Re: git archive --format zip utf-8 issues

René Scharfe <rene.scharfe@xxxxxxxxxxxxxx> · Sat, 11 Aug 2012 22:53:29 +0200

Am 11.08.2012 00:47, schrieb Junio C Hamano:
Sven Strickroth <sven.strickroth@xxxxxxxxxxxxxxx> writes:

when I create a git repository, add a file containing utf-8 characters
or umlauts (like öäü.txt), commit and then export the HEAD revision to a
zip archive using "git archive --format zip -o 1.zip HEAD", the zip file
contains incorrect filenames:

My reading of archive-zip.c seems to suggest that we write out
whatever pathname you have in the tree, so a pathname encoded in
UTF-8 will be literally written out in the resulting zip archive.

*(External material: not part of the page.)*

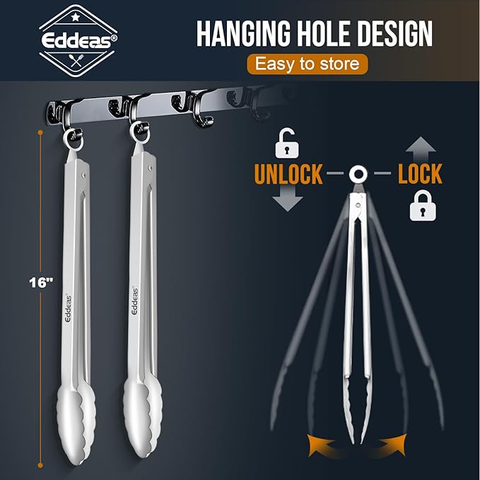 - Heat Resistant Up To 600°F - Eddeas Heavy Duty BBQ tongs heat resistant up to 600°F, Cooking tongs have ergonomic handles to ensure good grip and control, avoid burns and provide greater comfort. The metal tongs are super heat resistant and easy to clean, simply hand wash or put in the dishwasher.

Sorry for my imperialistic attitude of "ASCII filenames should be enough 
for everybody".  Laziness..

Do you know in what encoding the pathnames are _expected_ to be
stored in zip archives?  Random documentation seems to suggest that
there is no standard encoding, e.g. http://docs.python.org/library/zipfile.html
says:

     There is no official file name encoding for ZIP files. If you
     have unicode file names, you must convert them to byte strings
     in your desired encoding before passing them to write(). WinZip
     interprets all file names as encoded in CP437, also known as DOS
     Latin.

which may explain it.

http://www.pkware.com/documents/casestudies/APPNOTE.TXT is the standard 
document, as Sven noted, and it says that filenames are encoded in code 
page 437, or optionally UTF-8 (a later addition).  Discussions like 
http://stackoverflow.com/questions/106367/ seem to indicate that at 
least some archivers use the local code page as well.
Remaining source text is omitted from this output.